/unwebpack-sourcemap

Extract uncompiled, uncompressed SPA code from Webpack source maps.

Primary LanguagePythonMIT LicenseMIT

unwebpack-sourcemap

Archive Notice (April 15 2022)

This script seems to be helpful for many, but unfortunately I also do not have time to maintain it and properly code review the work of potential contributors. I'll leave it in an archived state for a while for anyone that wants to fork it, but I will eventually delete this repository.

Recover uncompiled TypeScript sources, JSX, and more from Webpack sourcemaps.

As single-page applications take over the world, more and more is being asked of the browser as a client. It is common for SPAs to use Webpack to handle browser script build processes. Usually, Webpack will transpile React/Vue/TypeScript/etc. to JavaScript, minify/compress it, and then serve it as a single bundle to the application.

However, Webpack also produces JavaScript source maps to assist in the debugging and development process; when things go wrong, the browser's debugger can use the SourceMap to point to a line in the code that contains the issue at hand. Most developers do not adequately protect the source maps and ship them to production environments.

When the browser was simply handling an array of JavaScript files concatenated and (maybe) packed, this wasn't so much of an issue. However, developers of SPAs assume the use of JavaScript as an intermediate representation. Developers often expect production to contain obfuscated and/or otherwise-processed scripts, and do not understand just what the sourcemaps contain in many cases. This model aligns closely with shipping binaries: source is compiled and you ship the interpretable version. If this is the case, the sourcemap is akin to leaking your source alongside the "binary" (bundle) you have made. The bundle can be reverse engineered just as a binary can, but sourcemaps make this far easier.

Usage

The script requires Python3, BeautifulSoup4 and requests. Install dependencies with pip3 install -r requirements.txt. The script can handle downloaded sourcemaps, or attempt to parse them from remote sources for you. In all of these cases, we will assume that you have a directory you have created called output alongside the script:

\$ mkdir output

In order of increasing noisiness, to unpack a local sourcemap:

\$ ./unwebpack_sourcemap.py --local /path/to/source.map output

To unpack a remote sourcemap:

\$ ./unwebpack_sourcemap.py https://pathto.example.com/source.map output

To attempt to read all <script src> on an HTML page, fetch JS assets, look for sourceMappingURI, and pull sourcemaps from remote sources:

\$ ./unwebpack_sourcemap.py --detect https://pathto.example.com/spa_root/ output

I'm a developer and this scares me. What do?

You have a few options:

  1. Turn off sourcemaps in production entirely.
  2. Push sourcemaps to a private server, and ACL sourcemap URIs to developers only.
  3. Load sourcemaps from local sources only and do not push them to production.

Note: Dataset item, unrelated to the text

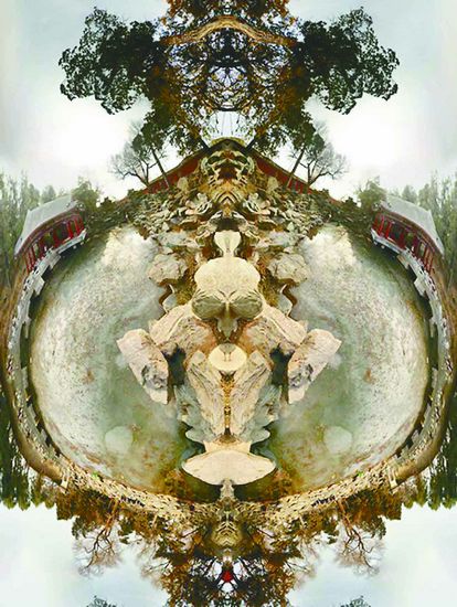 展覽中李戈的攝影作品充滿著樹的靈性,他說:“我去散步時(shí)到了孔廟,無意中發(fā)現(xiàn)了一棵樹,他使我聯(lián)想到孔子及古代的人??讖R里的樹都有著上百年的歷史,仔細(xì)觀察的話你會發(fā)現(xiàn)那些樹的樹癤子有的像人的眼睛,有的像鼻子,都很有神秘感。于是我對同一位置的景物進(jìn)行明暗對比的拍攝,然后將圖片對接合成,結(jié)果就如同大家所看到的這些作品:天空很藍(lán),葉子是綠色的,對比效果被削弱了,在黑色的陰影里依舊可以看到清晰的細(xì)節(jié)。”對于自己的作品,李戈說其中有一部分是他在拍攝時(shí)就已經(jīng)知道了自己想要的效果,另一些則是他在大量地隨機(jī)拍攝后到電腦制作時(shí)又偶然間產(chǎn)生的新發(fā)現(xiàn)、新構(gòu)想。

Example Vulnerable Application

An example TypeScript+React application is included in example-react-ts-app. You can run this locally and run the script against it.

Contributions

This is an alpha-level script built for a series of engagements I was working on in which sourcemaps are disclosed in production environments. It currently is only meant to work with TypeScript+React and TypeScript+Vue templates. Pull requests to harden the script, make it read more sourcemaps, et cetera are greatly appreciated.

License

MIT.